__PROBLEM TO SOLVE__.
Pictures in the records below must be left out. Return exactly the lines from the line with "Artistu gives you" to the line with "Broderes med moulinégarn", both included.

(Records contained in a dataset)
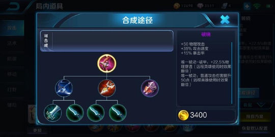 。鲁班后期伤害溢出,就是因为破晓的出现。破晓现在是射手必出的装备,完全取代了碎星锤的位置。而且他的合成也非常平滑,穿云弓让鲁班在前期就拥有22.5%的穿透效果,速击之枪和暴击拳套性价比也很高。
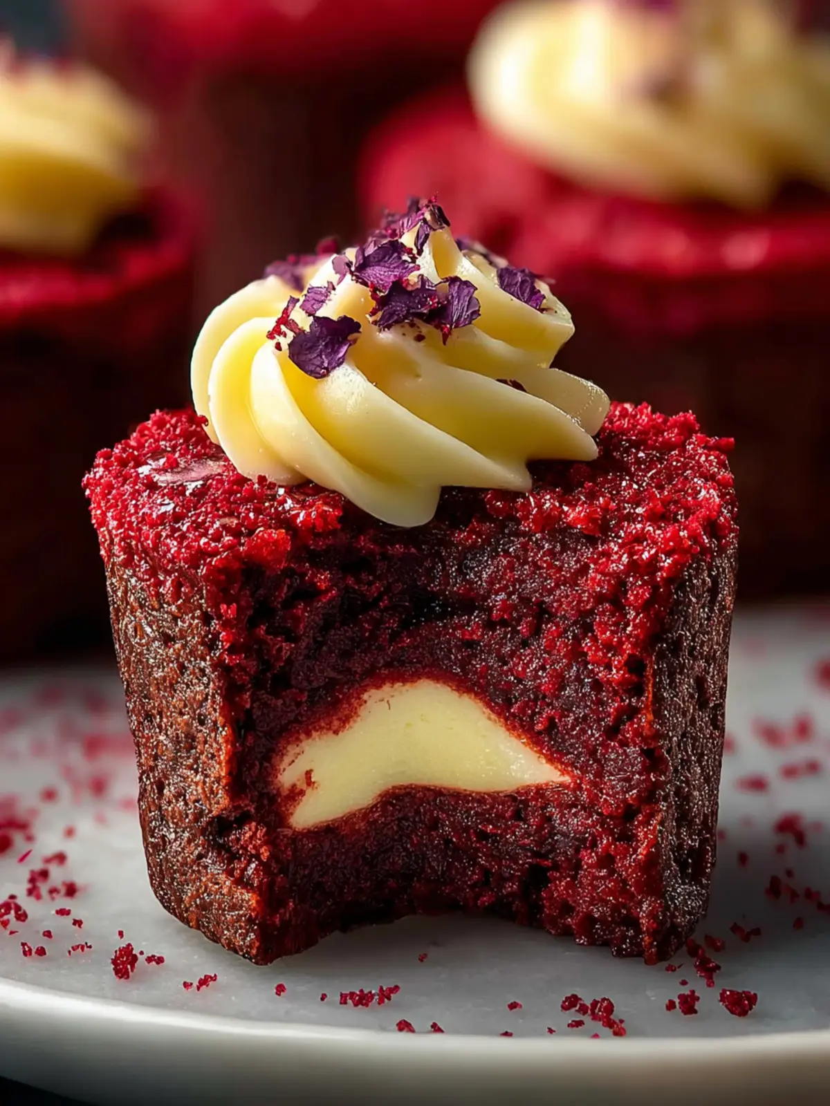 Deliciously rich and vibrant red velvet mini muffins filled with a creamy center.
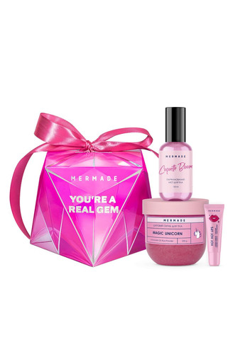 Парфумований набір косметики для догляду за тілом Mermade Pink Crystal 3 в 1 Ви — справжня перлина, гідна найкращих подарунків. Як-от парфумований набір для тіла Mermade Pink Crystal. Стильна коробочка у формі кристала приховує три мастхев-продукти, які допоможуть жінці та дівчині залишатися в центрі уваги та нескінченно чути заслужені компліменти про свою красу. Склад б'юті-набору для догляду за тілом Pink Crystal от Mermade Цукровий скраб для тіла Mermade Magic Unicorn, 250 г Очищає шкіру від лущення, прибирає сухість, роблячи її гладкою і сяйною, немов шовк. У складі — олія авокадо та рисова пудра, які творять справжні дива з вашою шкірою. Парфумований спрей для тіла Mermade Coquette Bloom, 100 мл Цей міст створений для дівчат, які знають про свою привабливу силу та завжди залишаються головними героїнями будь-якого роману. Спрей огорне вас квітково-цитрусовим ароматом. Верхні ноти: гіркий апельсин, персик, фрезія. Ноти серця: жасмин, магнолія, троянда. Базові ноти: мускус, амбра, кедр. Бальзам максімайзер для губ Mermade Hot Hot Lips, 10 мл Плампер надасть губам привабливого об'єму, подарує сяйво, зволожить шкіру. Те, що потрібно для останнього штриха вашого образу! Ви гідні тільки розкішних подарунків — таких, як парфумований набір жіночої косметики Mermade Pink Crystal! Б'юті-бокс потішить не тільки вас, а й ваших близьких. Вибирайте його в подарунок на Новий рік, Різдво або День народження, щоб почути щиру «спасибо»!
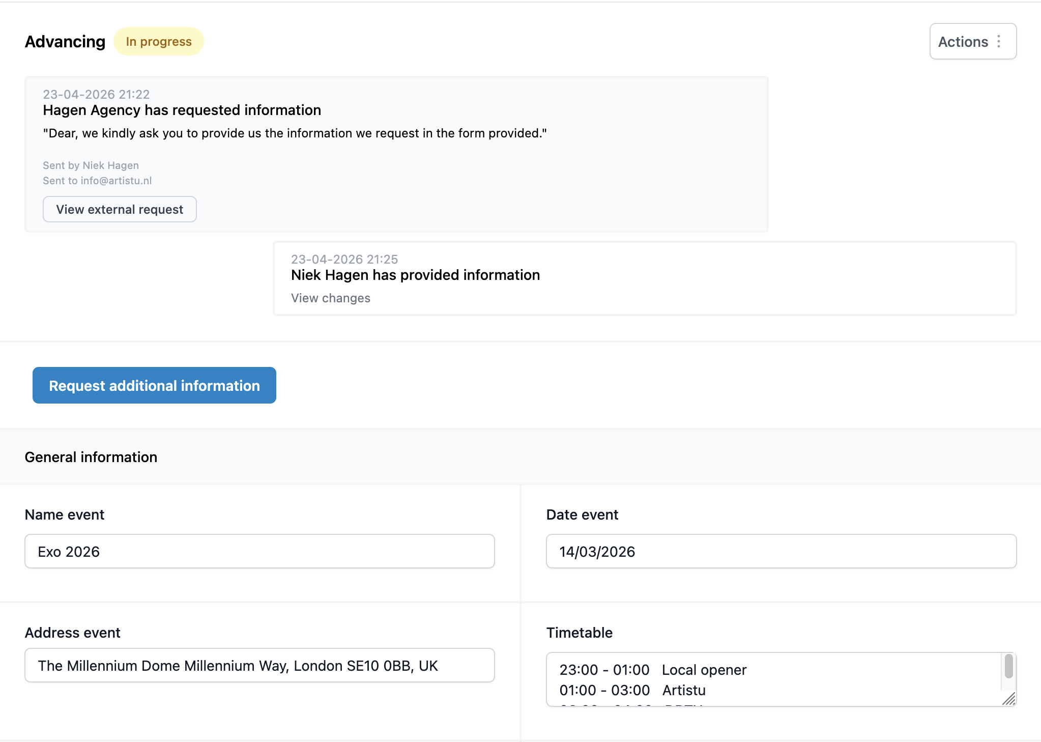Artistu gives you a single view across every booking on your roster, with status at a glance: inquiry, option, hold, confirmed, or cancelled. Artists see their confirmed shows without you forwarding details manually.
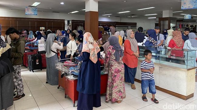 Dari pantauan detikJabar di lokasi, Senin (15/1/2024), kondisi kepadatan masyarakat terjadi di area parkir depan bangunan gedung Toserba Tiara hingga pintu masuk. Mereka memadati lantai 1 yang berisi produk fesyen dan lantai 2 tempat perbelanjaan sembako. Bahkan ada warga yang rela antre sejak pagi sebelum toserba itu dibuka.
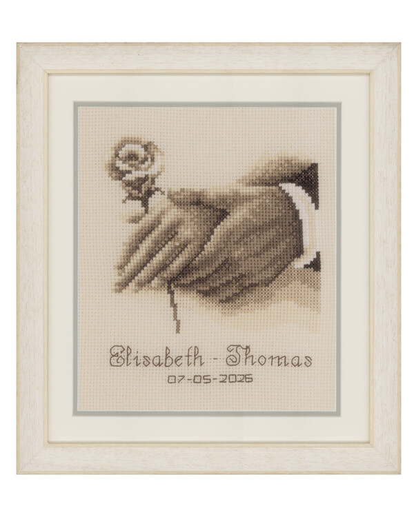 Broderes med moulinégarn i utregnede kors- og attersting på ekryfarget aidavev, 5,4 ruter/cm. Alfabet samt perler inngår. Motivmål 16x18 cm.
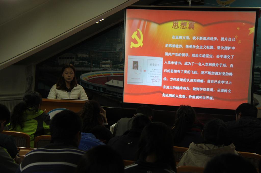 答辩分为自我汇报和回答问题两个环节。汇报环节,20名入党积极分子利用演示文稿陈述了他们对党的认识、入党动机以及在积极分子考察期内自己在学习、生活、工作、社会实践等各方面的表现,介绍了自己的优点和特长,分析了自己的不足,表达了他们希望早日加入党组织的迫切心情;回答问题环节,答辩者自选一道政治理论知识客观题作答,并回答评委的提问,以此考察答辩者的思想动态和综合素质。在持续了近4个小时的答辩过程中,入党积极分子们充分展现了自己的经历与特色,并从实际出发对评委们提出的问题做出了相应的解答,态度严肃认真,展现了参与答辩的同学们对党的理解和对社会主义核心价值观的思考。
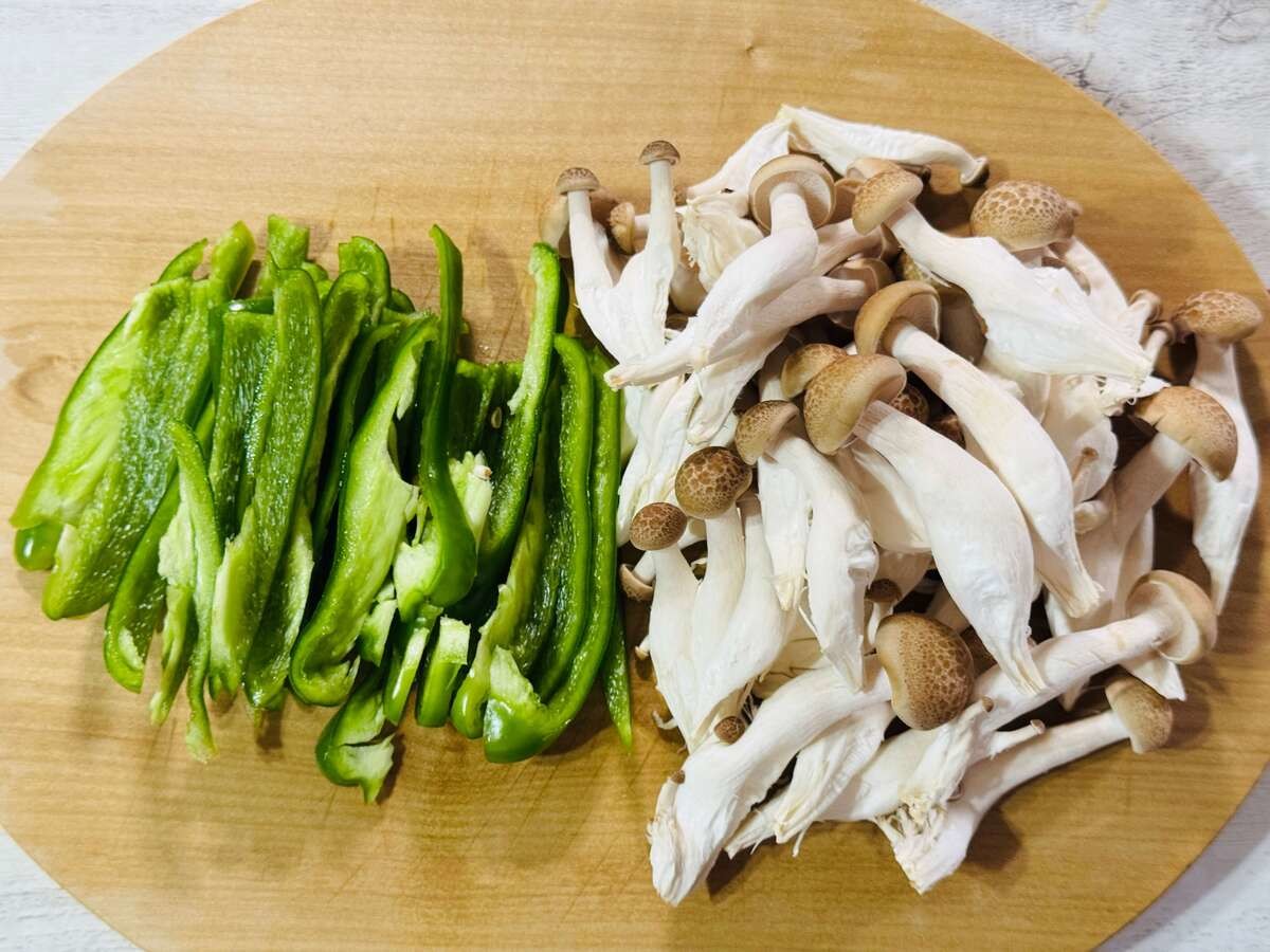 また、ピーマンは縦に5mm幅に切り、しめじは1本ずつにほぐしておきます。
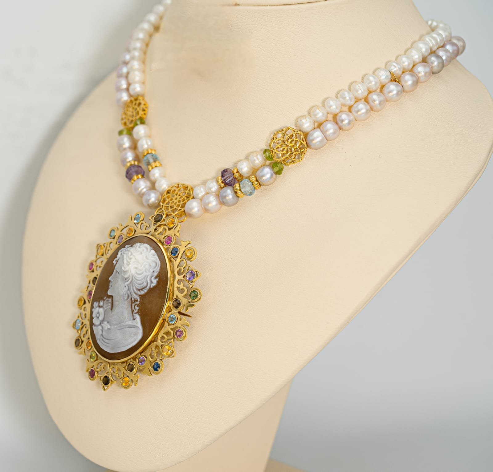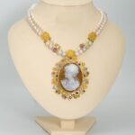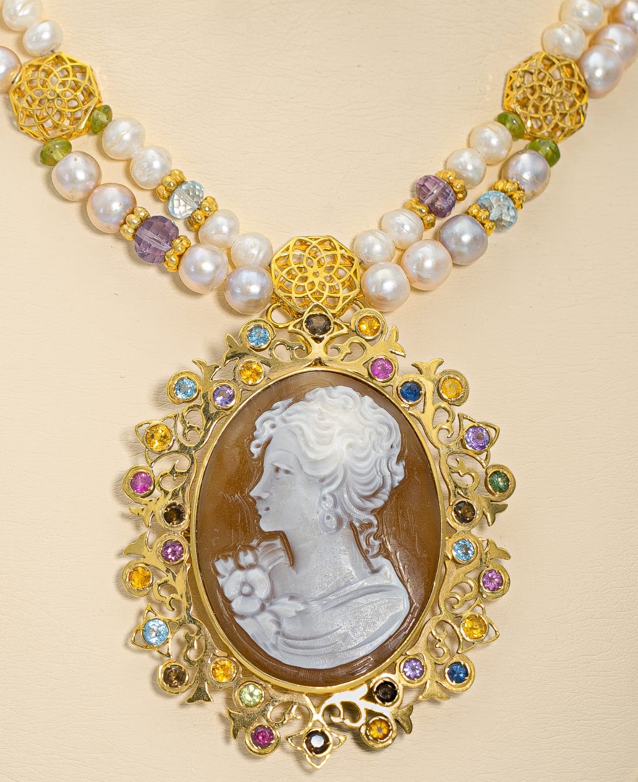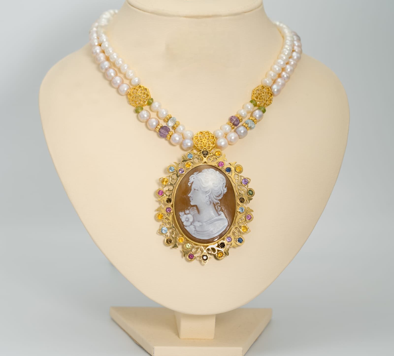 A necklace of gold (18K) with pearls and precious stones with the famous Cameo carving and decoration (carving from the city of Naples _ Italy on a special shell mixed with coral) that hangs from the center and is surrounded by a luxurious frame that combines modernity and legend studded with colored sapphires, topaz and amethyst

__RESULT OF THE TASK__.
Artistu gives you a single view across every booking on your roster, with status at a glance: inquiry, option, hold, confirmed, or cancelled. Artists see their confirmed shows without you forwarding details manually.
 Dari pantauan detikJabar di lokasi, Senin (15/1/2024), kondisi kepadatan masyarakat terjadi di area parkir depan bangunan gedung Toserba Tiara hingga pintu masuk. Mereka memadati lantai 1 yang berisi produk fesyen dan lantai 2 tempat perbelanjaan sembako. Bahkan ada warga yang rela antre sejak pagi sebelum toserba itu dibuka.
 Broderes med moulinégarn i utregnede kors- og attersting på ekryfarget aidavev, 5,4 ruter/cm. Alfabet samt perler inngår. Motivmål 16x18 cm.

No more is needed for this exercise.